··· Excerpted data

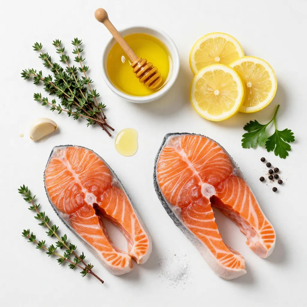 Olive oil helps the salmon cook evenly and adds a nice finish. Fresh thyme leaves provide an earthy note, but dried thyme works too. Don’t forget salt and pepper; they are essential for seasoning. For a lovely touch, you can garnish with lemon slices and fresh parsley.
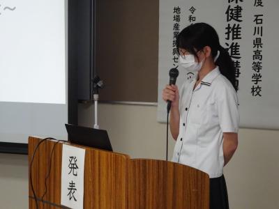 8月6日(火)に県地場産業振興センターで行われた「生徒保健推進講習会」において、本校から2つのグループが発表を行いました。
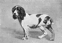 The Kennel Club (UK) designated all medium legged spaniels which were not Clumber nor Sussex Spaniels as English Springer Spaniels in 1902.[11][12] The Norfolk Spaniel was included under this designation, with the term "Norfolk Spaniel" considered for use to cover these types of spaniels, but ultimately rejected as the Club believed that the breed was always liver and white in colour.[11] The change in terminology was not smooth or immediate, with James Watson in his 1905 work, The Dog Book, still referring to the Norfolk Spaniel as a breed name.[8] In the modern era, the Norfolk Spaniel is thought to be the previous name for the English Springer Spaniel, prior to recognition by The Kennel Club (UK).[13]
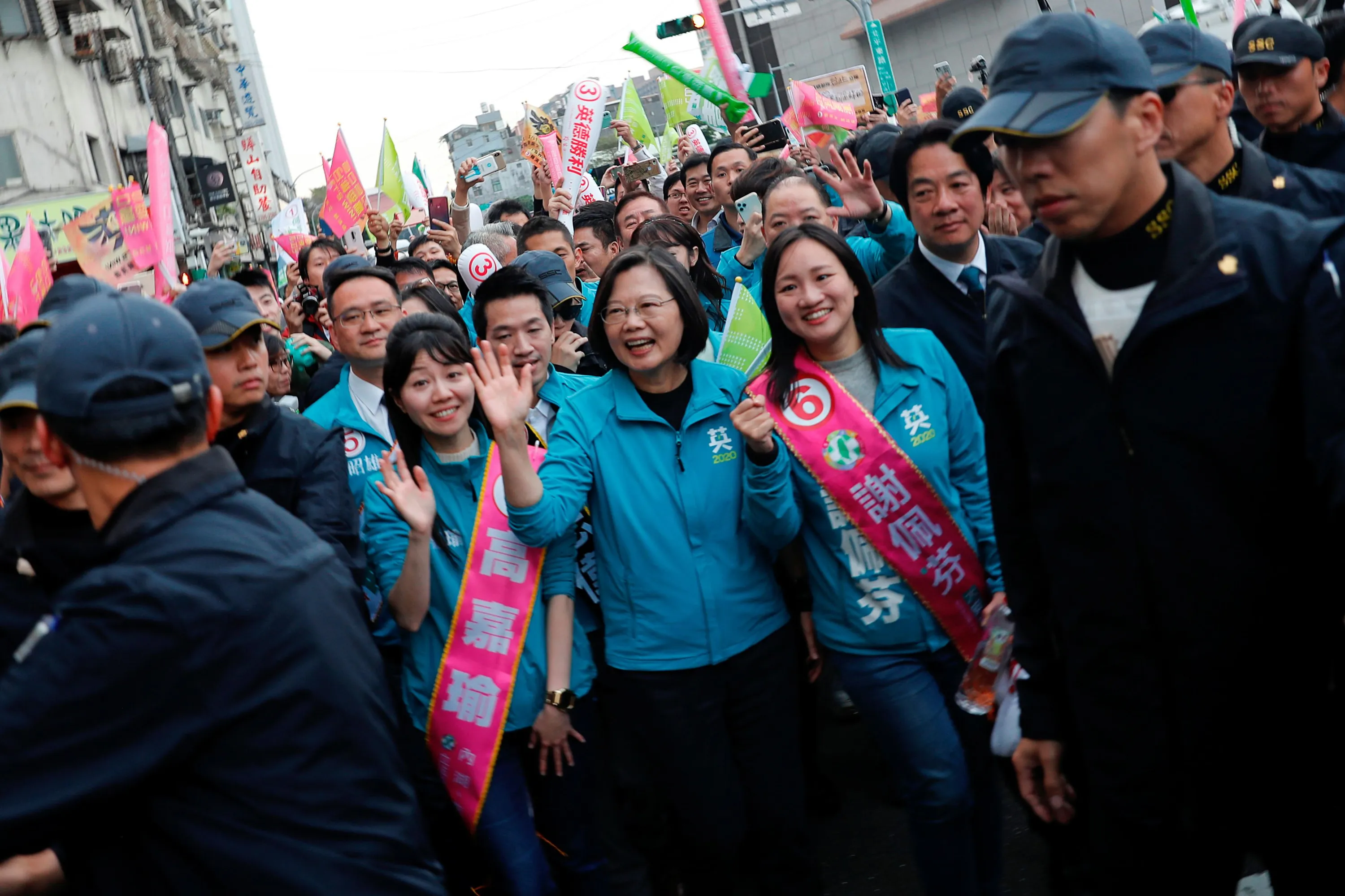 Taiwan President Tsai Ing-wen and the Democratic Progressive Party's (DPP) vice presidential candidate William Lai attend a campaign event in Taipei, Taiwan on January 10, 2020. (Photo by Tyrone Siu/Reuters)
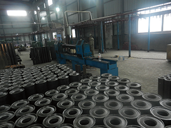 檢測合格的托輥經(jīng)除灰、除油等表面處理后,進入由懸掛鏈式輸入機,靜電發(fā)生裝置,噴漆通道。干燥設(shè)備構(gòu)成的靜電噴漆干燥流水線,完成表面涂裝。寶科機械托輥使用的涂料中添加有防銹成分,干燥后所形成的漆膜堅硬。耐水,耐油,耐酸,附著力強,美觀精致,適用各種工況。
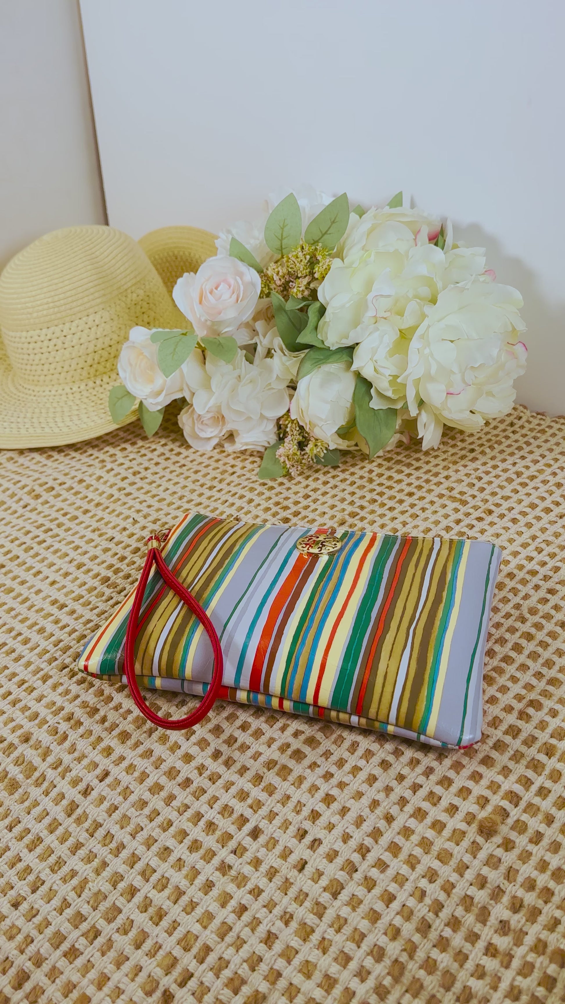 Upgrade your accessories collection with this trendy and practical Rebecca & Rifka Multi Stripe Print Medallion Zip Wristlet—a stylish companion for your everyday essentials!
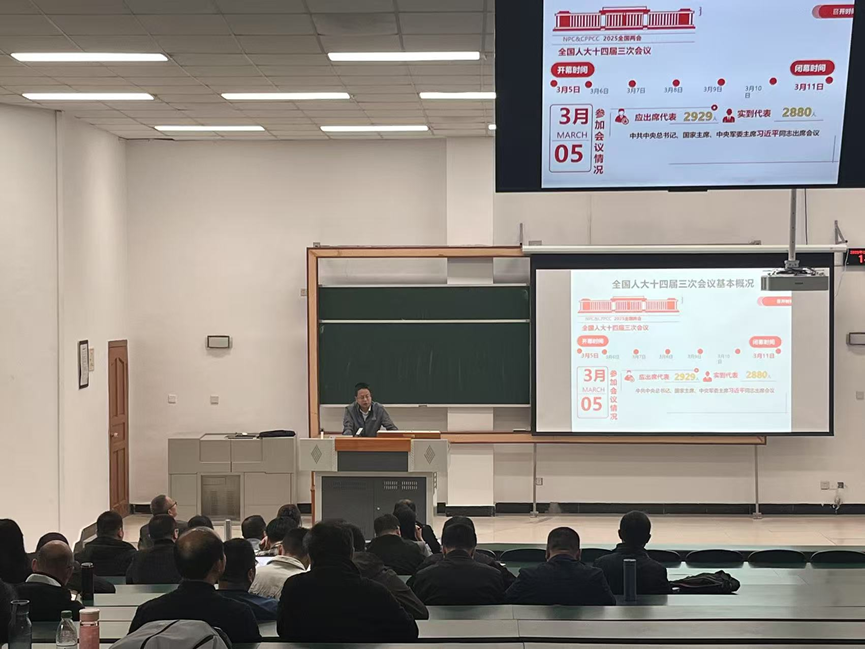 3月27日下午,博彩娱乐城 与统计博彩娱乐城 在龙泉校区3101教室联合开展教职工政治理论学习,邀请学校马克思主义博彩娱乐城 党委书记谢清明作2025年两会精神的专题宣讲。博彩娱乐城 、统计博彩娱乐城 全体教职工参加学习。博彩娱乐城 党委书记桑作银主持学习。

······

— What you need to do —
Take the lines of the material above from the first through the one containing "8月6日(火)に県地場産業振", both included, and print them exactly without the pictures.

— Solution to this problem —
 Olive oil helps the salmon cook evenly and adds a nice finish. Fresh thyme leaves provide an earthy note, but dried thyme works too. Don’t forget salt and pepper; they are essential for seasoning. For a lovely touch, you can garnish with lemon slices and fresh parsley.
 8月6日(火)に県地場産業振興センターで行われた「生徒保健推進講習会」において、本校から2つのグループが発表を行いました。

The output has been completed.